TASK DATA START

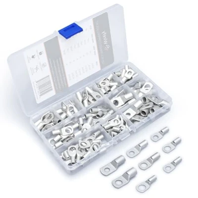 Wirefy 120 PCS Tinned Copper Wire Lugs Kit Battery Crimp Cable Ends Ring Terminals 10 4 Gauge
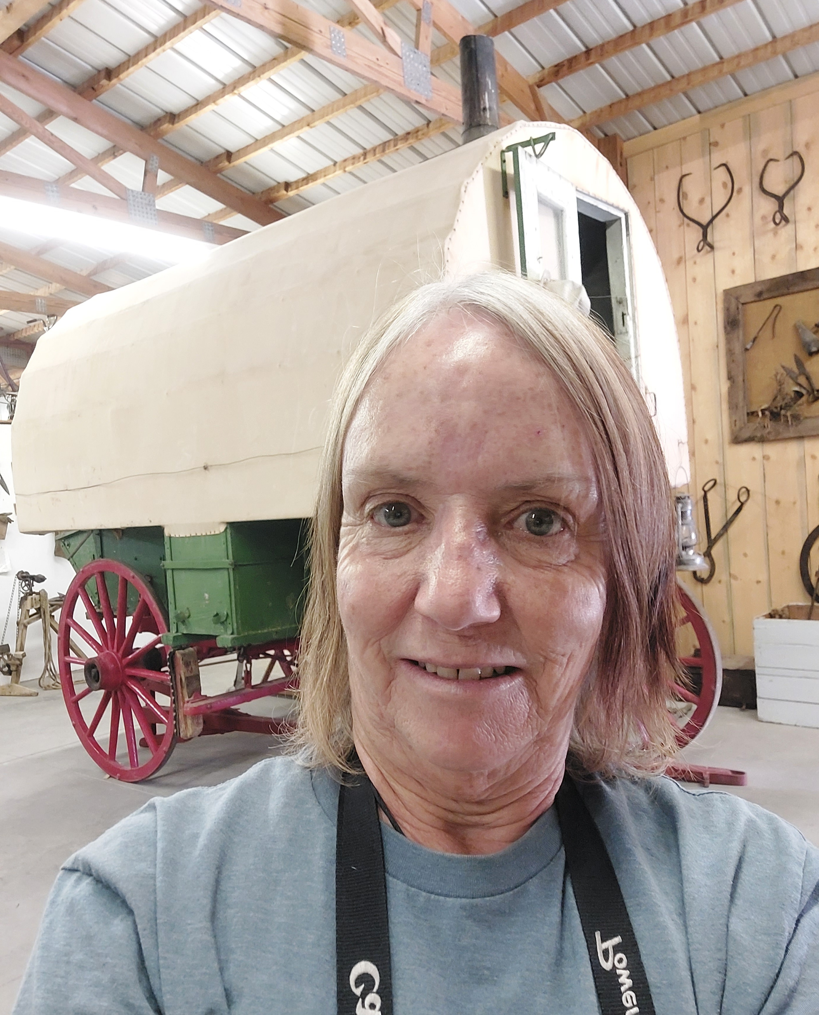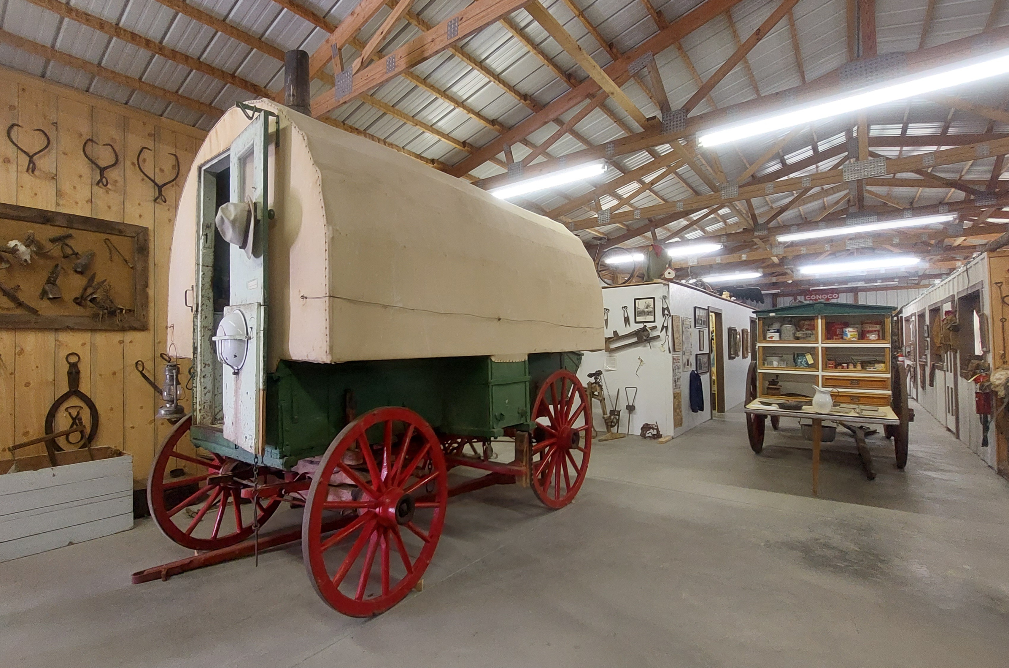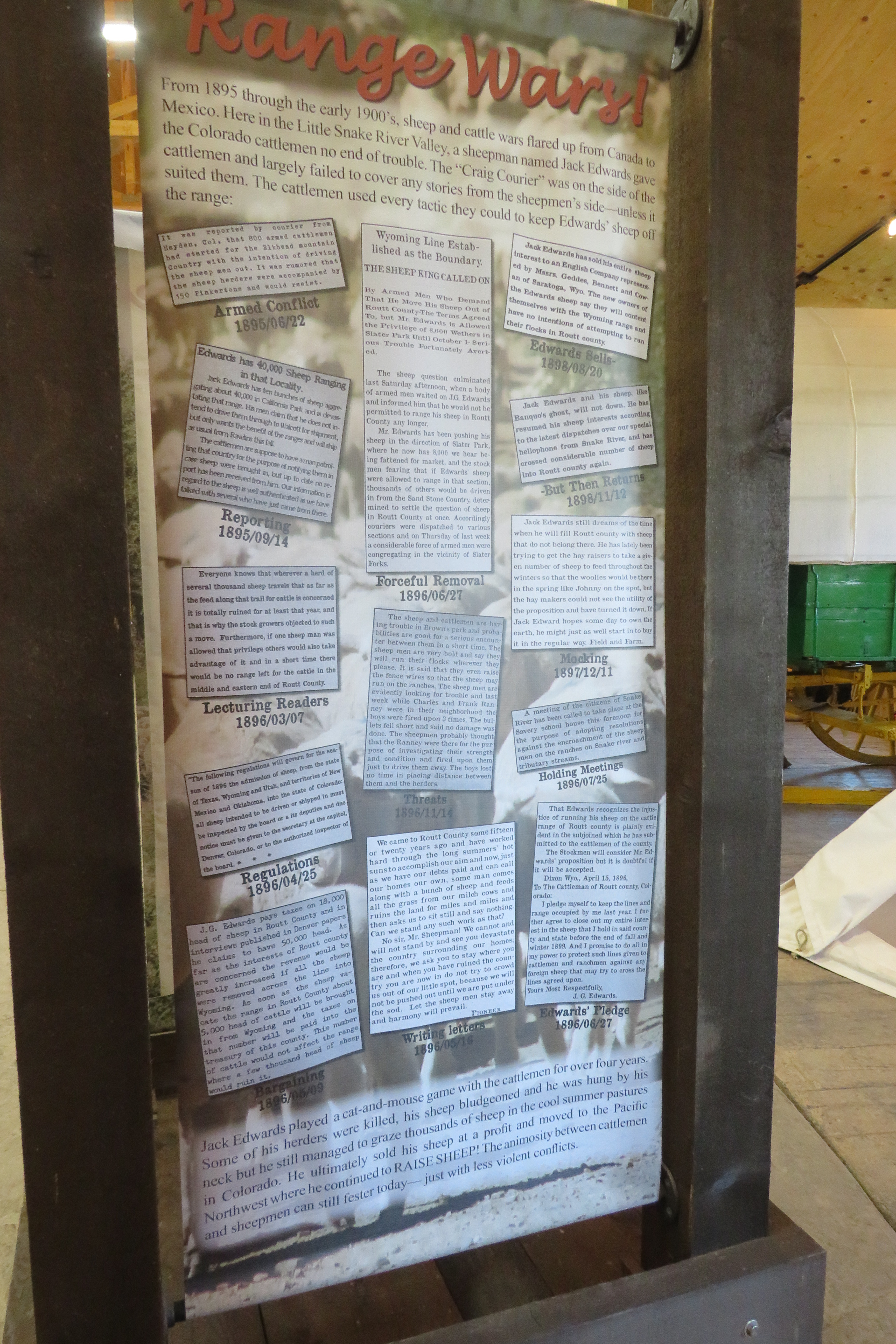 We got to the museum and Lela gave me a grand tour of the place while the dogs waited peacefully (or not) in the shade. I saw a lot of stuff that related to my grandfather’s sheep businesses. I thought my tent was small until I saw that teepee that Granddad’s sheepmen slept in! The range war era has always been interesting to me – I wish I could ask my granddad what it was like. There was a lot of information on it here and I love the old sheep wagons!
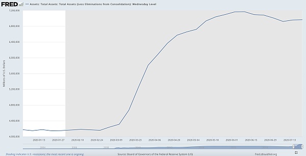 在全球經濟復蘇乏力的背景下,黃金和比特幣的“同步”看漲勢頭可能與美元加速走軟有關。 美元指數跌至94。美元貶值的部分原因是美聯儲不斷擴大的資產負債表和不斷增長的公共赤字。上周,在每周大幅購買370億美元抵押貸款支持證券后,美聯儲的總資產再次反彈至7萬億美元的水平。
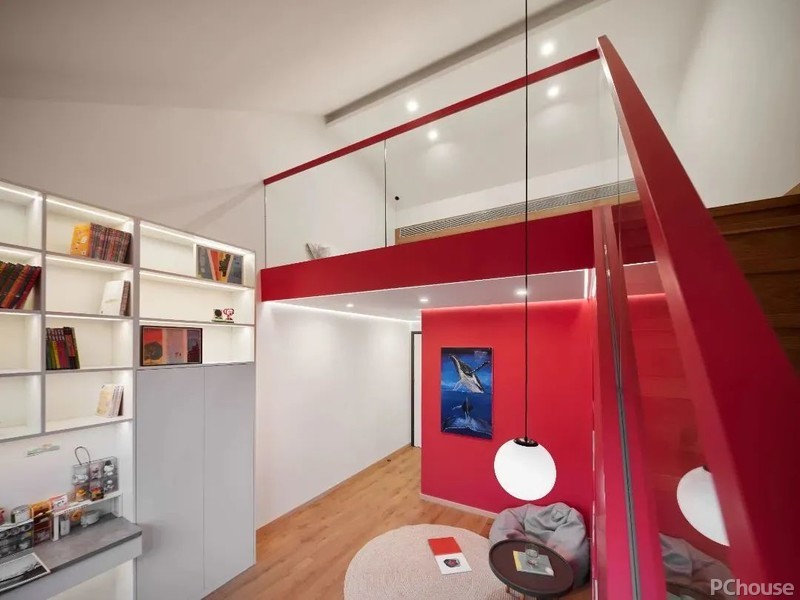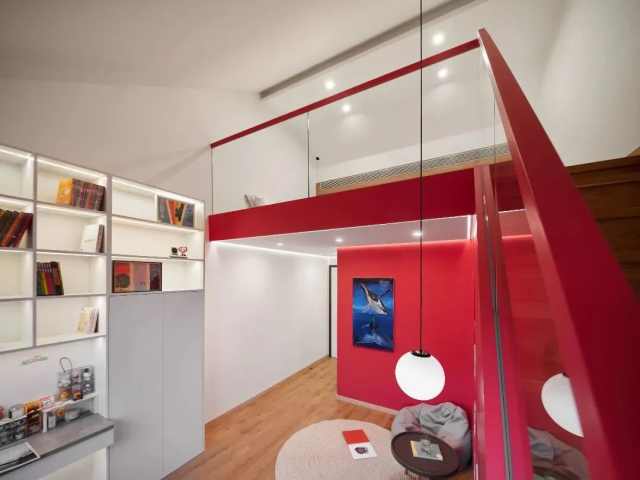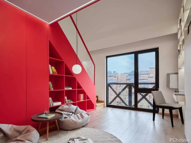 不同于主色调的冷冽,女儿房间中则采用大面积的红色,鲜活、炽烈、元气满满。热情与纯粹相得益彰,颜值与收纳兼具。上方是安静的休息区域,下方则是学习、游戏的快乐天地。
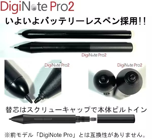 A.「DigiNote Pro」と「DigiNote Pro2」それぞれの専用ペンは互換性がなくお使いいただけません。 タブレット画面は筆圧を感知しますので、画面上に描くことは出来ますが、アプリやパソコンとの連動が出来ないということになります。
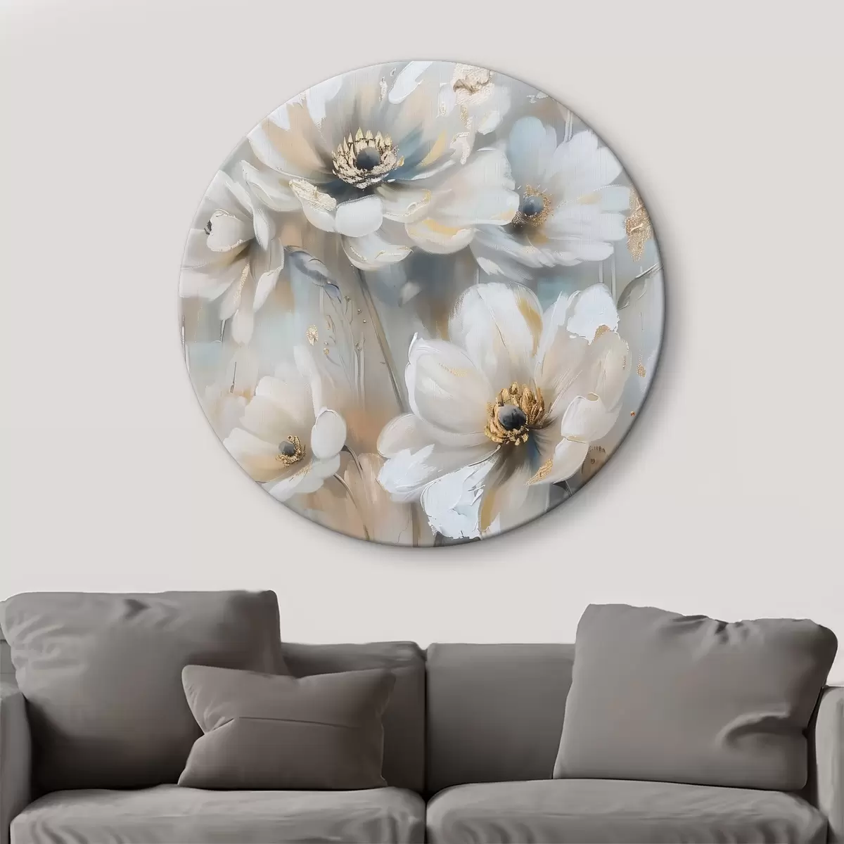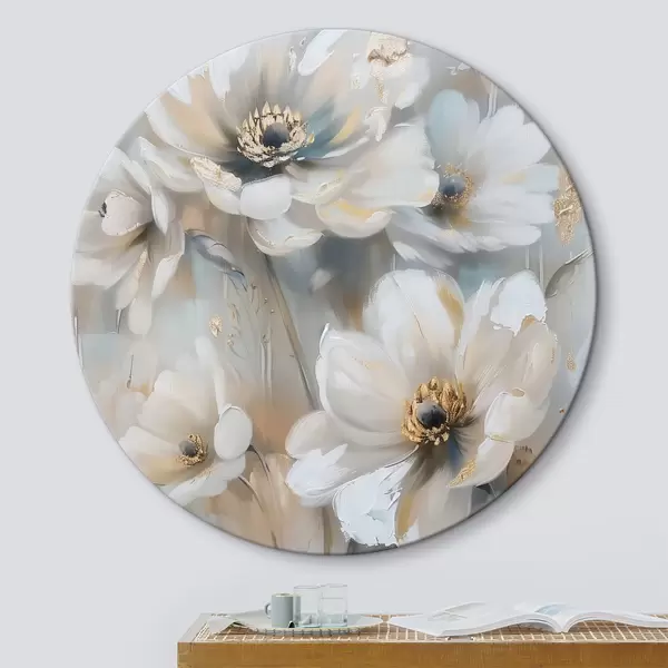 Tableaux ronds fleurs blanches r39544

TASK DATA END

PROBLEM STATEMENT: From the line containing "在全球經濟復蘇乏力的背景下,黃金和比特幣" through the last line of the entries, both included, print each line exactly and omit any picture.

ANSWER:
 在全球經濟復蘇乏力的背景下,黃金和比特幣的“同步”看漲勢頭可能與美元加速走軟有關。 美元指數跌至94。美元貶值的部分原因是美聯儲不斷擴大的資產負債表和不斷增長的公共赤字。上周,在每周大幅購買370億美元抵押貸款支持證券后,美聯儲的總資產再次反彈至7萬億美元的水平。
 不同于主色调的冷冽,女儿房间中则采用大面积的红色,鲜活、炽烈、元气满满。热情与纯粹相得益彰,颜值与收纳兼具。上方是安静的休息区域,下方则是学习、游戏的快乐天地。
 A.「DigiNote Pro」と「DigiNote Pro2」それぞれの専用ペンは互換性がなくお使いいただけません。 タブレット画面は筆圧を感知しますので、画面上に描くことは出来ますが、アプリやパソコンとの連動が出来ないということになります。
 Tableaux ronds fleurs blanches r39544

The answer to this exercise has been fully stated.